Copy only the lines from the one with "巴西政府出台新法规,巴西现有" through the end of the records, exactly as they stand. No pictures belong in the copy.

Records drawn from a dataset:

--------------------

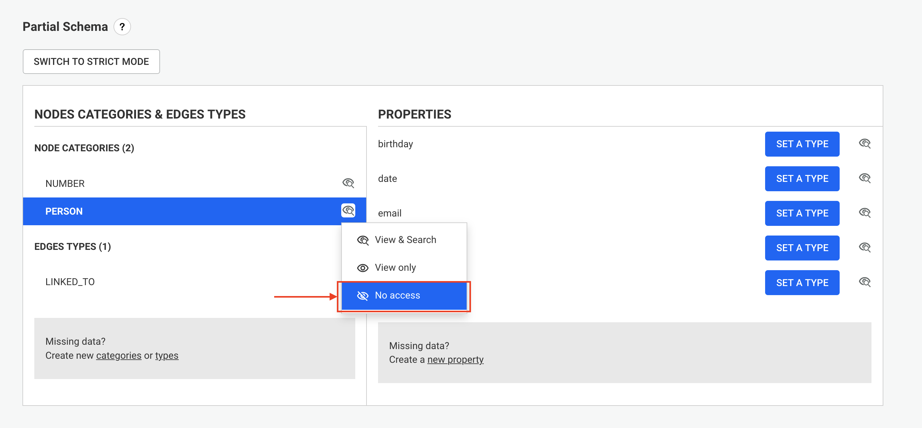 The "eye" icon next to node categories, edge types and properties allows to switch the visibility to View & Search, Only view or No access. See the dedicated section for more details.
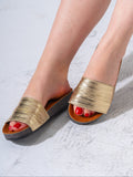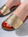 Metallic Ruched Comfort Slides - GOLD
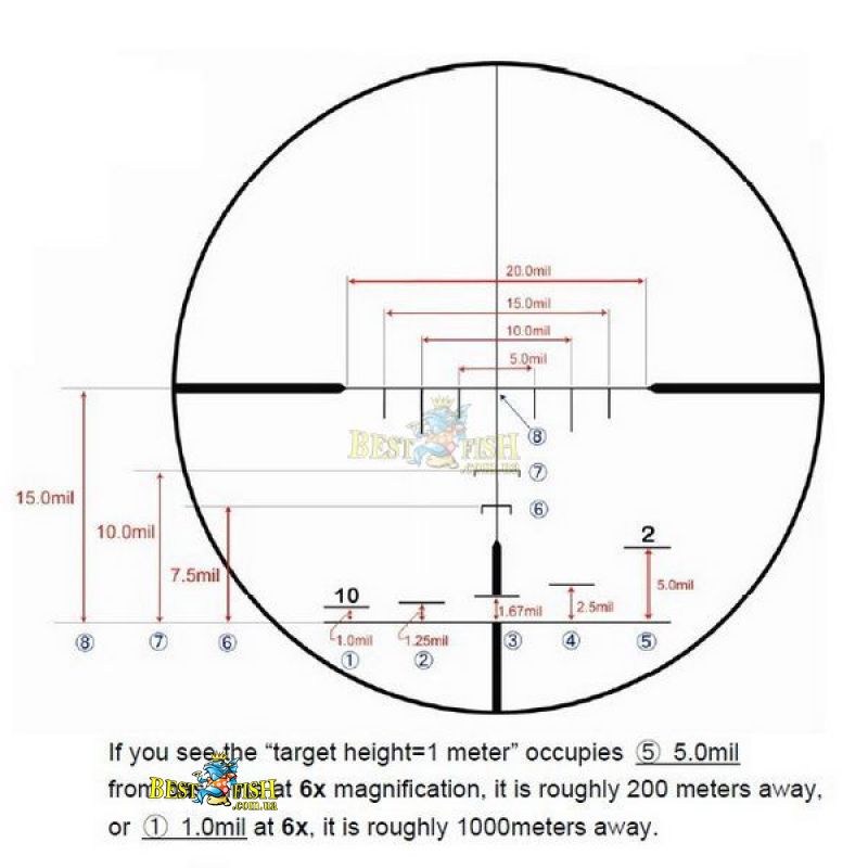 Специальная дальномерная сетка SKS IR значительно упрощает прицесс определения дистанции до цели. Все основные параметры этой прицельной марки верны при увеличении 6 крат. При размере цели 0,75 метра, 1 метр или 1,5 метра сетка точно определяет расстояние от 50 до 1000 метров. Исходя из указанных параметров сетки, можно определять расстояние до любой более мелкой или крупной цели методом интерполяции и вносить необходимые поправки.
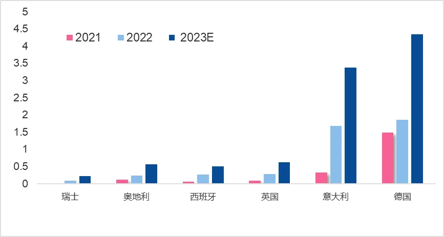 巴西政府出台新法规,巴西现有分布式电站及2023年前建成的电站(低于5MW)将享受税收减免;巴西2023年4月新增装机1124MW,同增74.81%,预计电站装机量会集中爆发在这两年。
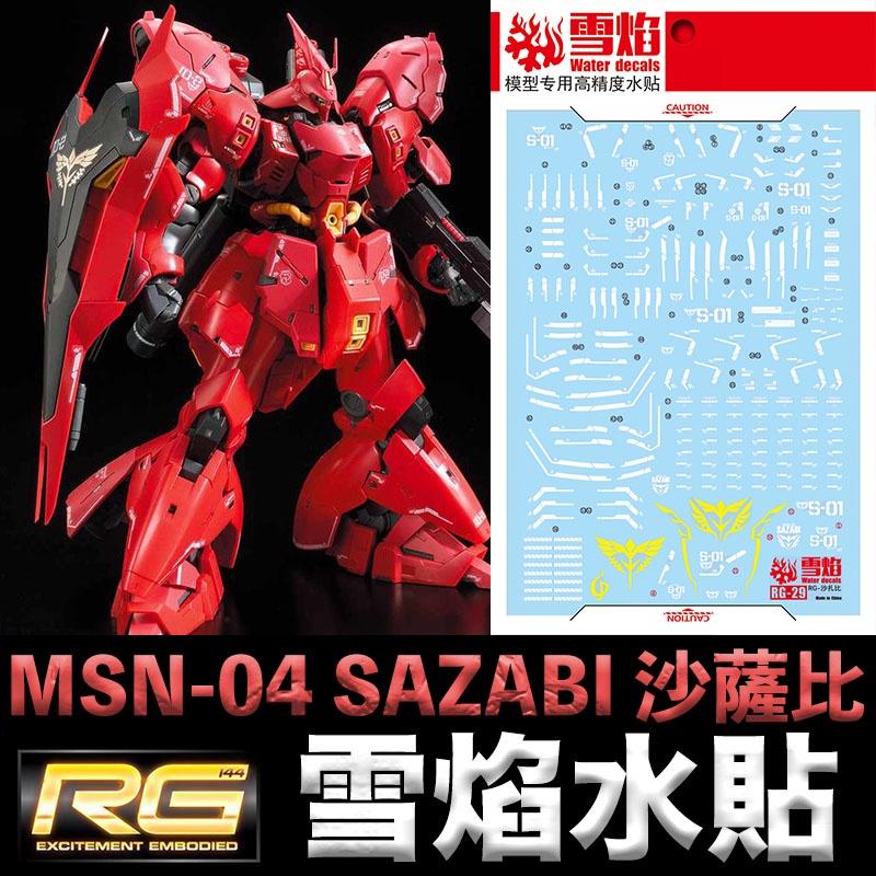 雪焰水貼 螢光版 BANDAI 鋼彈UC RG 1/144 #29 MSN-04 SAZABI 沙薩比 水貼紙
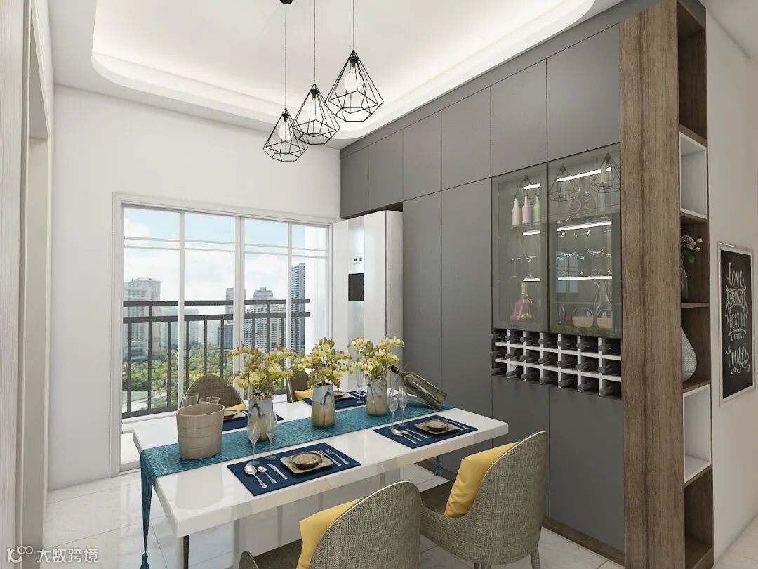 餐厅的吊灯极具现代主义色彩,垂挂的造型让高度层次变得更为丰富,为空间画龙点睛。
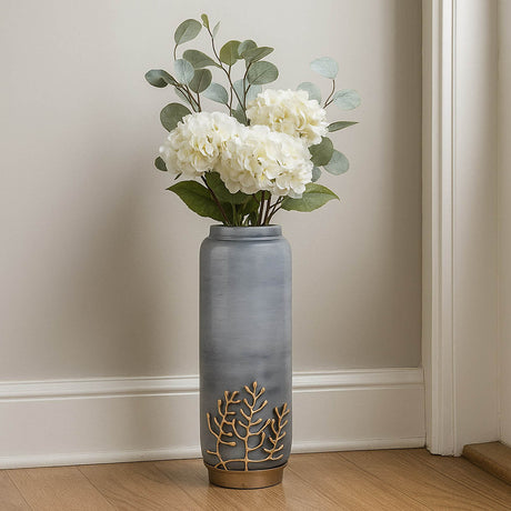 Decorative Tall Floor Vase with Golden Branch- Grey and Gold
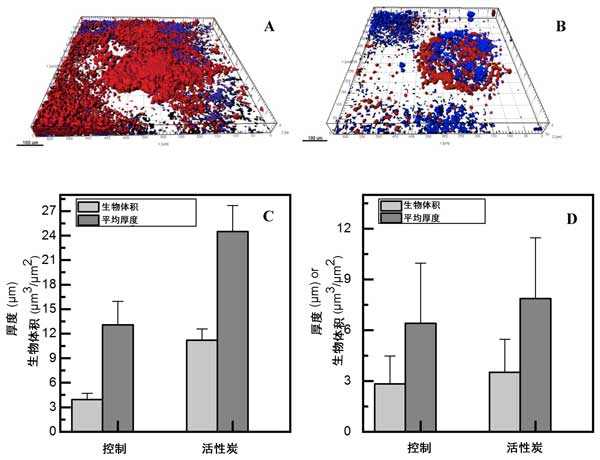 為了分析由于在膜生物反應(yīng)器中添加活性炭而導(dǎo)致生物膜形成增加的可能性,并進(jìn)一步闡明活性炭反應(yīng)器中膜性能下降幅度更大的原因,在第一個(gè)處理結(jié)束時(shí)進(jìn)行了檢測(圖2A,B)。在比較兩個(gè)反應(yīng)器之間生物膜結(jié)構(gòu)的性質(zhì)時(shí),可以觀察到活性炭反應(yīng)器通量下降的增加顯然與生物膜生長的幅度有關(guān)。在第一次膜生物反應(yīng)器運(yùn)行結(jié)束時(shí)從模塊上獲取的兩塊膜上生物膜的CLSM分析顯示,活性炭和對(duì)照反應(yīng)器之間細(xì)胞的生物體積及其自相關(guān)EPS的差異很大(圖2)。當(dāng)補(bǔ)充活性炭時(shí),生物膜生長的升高支持了膜滲透性的更高降低,這是由可溶性微生物組分吸附的升高引起的,這可能會(huì)更好地調(diào)節(jié)膜表面,從而增強(qiáng)生物膜的形成。
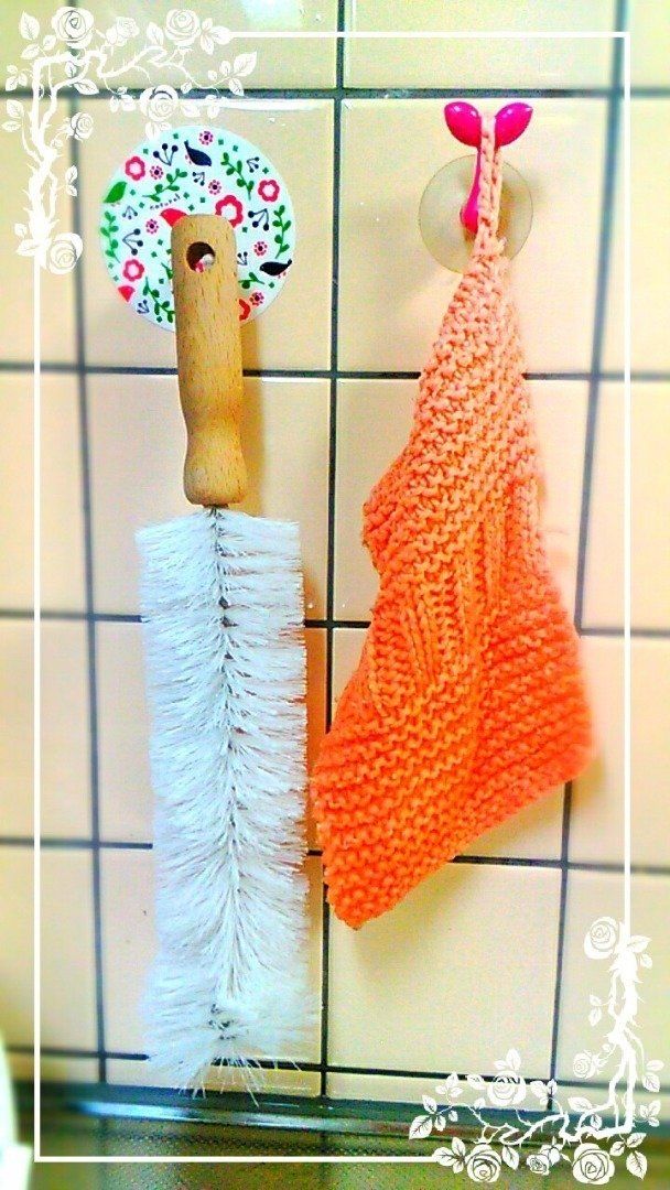 堀江麻衣さんは、食器洗いに手づくりの「エコたわし」を活用しています。大判なので、フライパンなどの洗い物にも使いやすく、食器の細かいところまで洗えるのだそう。週に何度か、ふきんと一緒に漂白し、丁寧に使用しています。つるして保管することで、普通のスポンジよりも乾きが早いそうです。
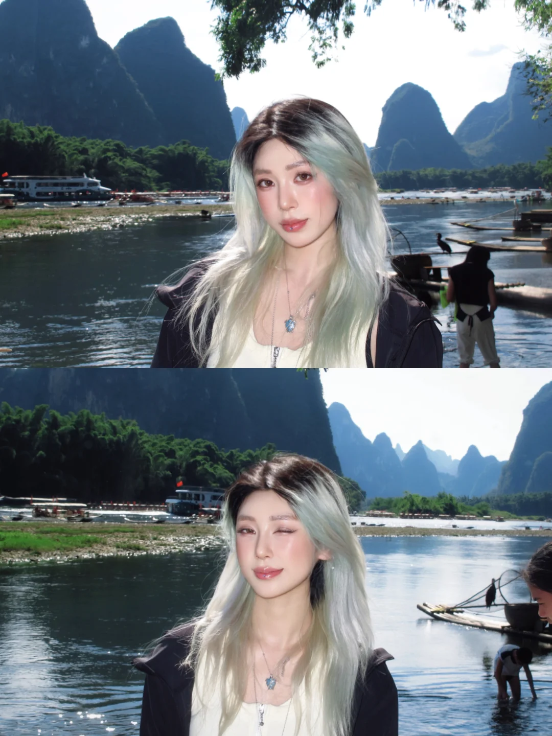 阳朔必打卡的千里江山和20元竹筏打卡地📷!! 就是真的太热了!!注意防晒⚠️
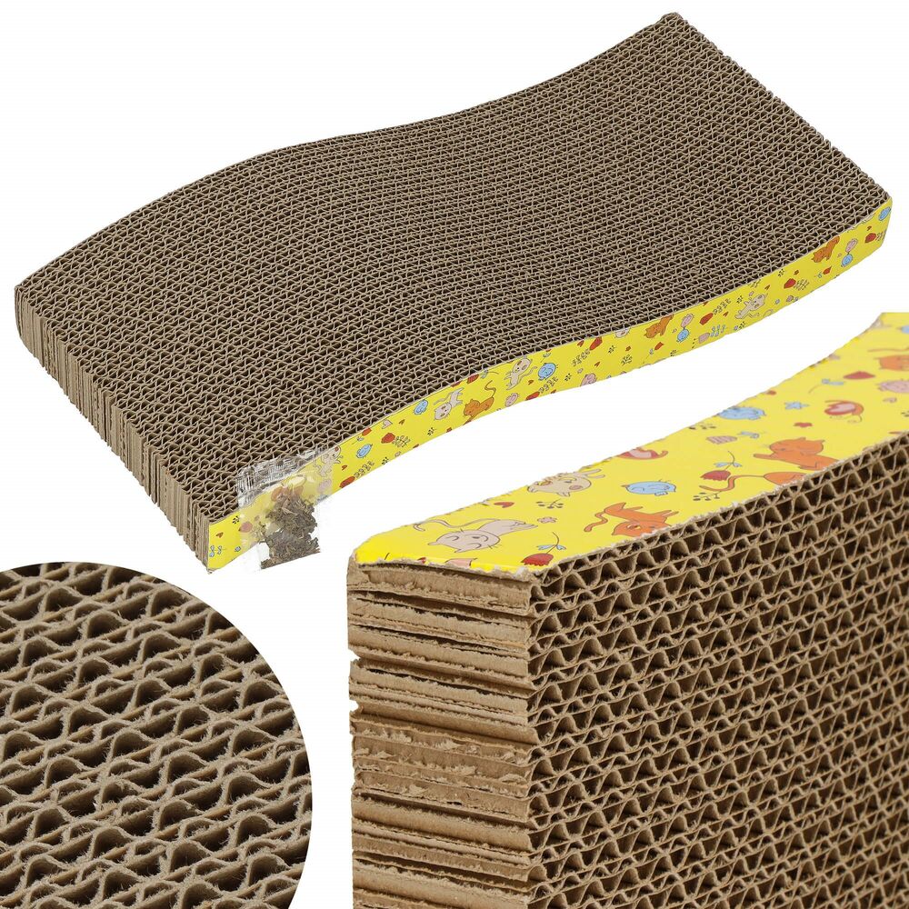 Mačacie škrabadlo z pevného vrstveného kartónu a optimálne zvlneným tvarom na škrabanie. Vyrobené z bezpečného a nezávadného materiálu. Súčasťou je balíček šanty mačacie, ktorý priťahuje a stimuluje mačky, zároveň pomáha znižovať stres a úzkosť. Ideálne pre zábavu a starostlivosť o pazúriky.

--------------------

Task output:
 巴西政府出台新法规,巴西现有分布式电站及2023年前建成的电站(低于5MW)将享受税收减免;巴西2023年4月新增装机1124MW,同增74.81%,预计电站装机量会集中爆发在这两年。
 雪焰水貼 螢光版 BANDAI 鋼彈UC RG 1/144 #29 MSN-04 SAZABI 沙薩比 水貼紙
 餐厅的吊灯极具现代主义色彩,垂挂的造型让高度层次变得更为丰富,为空间画龙点睛。
 Decorative Tall Floor Vase with Golden Branch- Grey and Gold
 為了分析由于在膜生物反應(yīng)器中添加活性炭而導(dǎo)致生物膜形成增加的可能性,并進(jìn)一步闡明活性炭反應(yīng)器中膜性能下降幅度更大的原因,在第一個(gè)處理結(jié)束時(shí)進(jìn)行了檢測(圖2A,B)。在比較兩個(gè)反應(yīng)器之間生物膜結(jié)構(gòu)的性質(zhì)時(shí),可以觀察到活性炭反應(yīng)器通量下降的增加顯然與生物膜生長的幅度有關(guān)。在第一次膜生物反應(yīng)器運(yùn)行結(jié)束時(shí)從模塊上獲取的兩塊膜上生物膜的CLSM分析顯示,活性炭和對(duì)照反應(yīng)器之間細(xì)胞的生物體積及其自相關(guān)EPS的差異很大(圖2)。當(dāng)補(bǔ)充活性炭時(shí),生物膜生長的升高支持了膜滲透性的更高降低,這是由可溶性微生物組分吸附的升高引起的,這可能會(huì)更好地調(diào)節(jié)膜表面,從而增強(qiáng)生物膜的形成。
 堀江麻衣さんは、食器洗いに手づくりの「エコたわし」を活用しています。大判なので、フライパンなどの洗い物にも使いやすく、食器の細かいところまで洗えるのだそう。週に何度か、ふきんと一緒に漂白し、丁寧に使用しています。つるして保管することで、普通のスポンジよりも乾きが早いそうです。
 阳朔必打卡的千里江山和20元竹筏打卡地📷!! 就是真的太热了!!注意防晒⚠️
 Mačacie škrabadlo z pevného vrstveného kartónu a optimálne zvlneným tvarom na škrabanie. Vyrobené z bezpečného a nezávadného materiálu. Súčasťou je balíček šanty mačacie, ktorý priťahuje a stimuluje mačky, zároveň pomáha znižovať stres a úzkosť. Ideálne pre zábavu a starostlivosť o pazúriky.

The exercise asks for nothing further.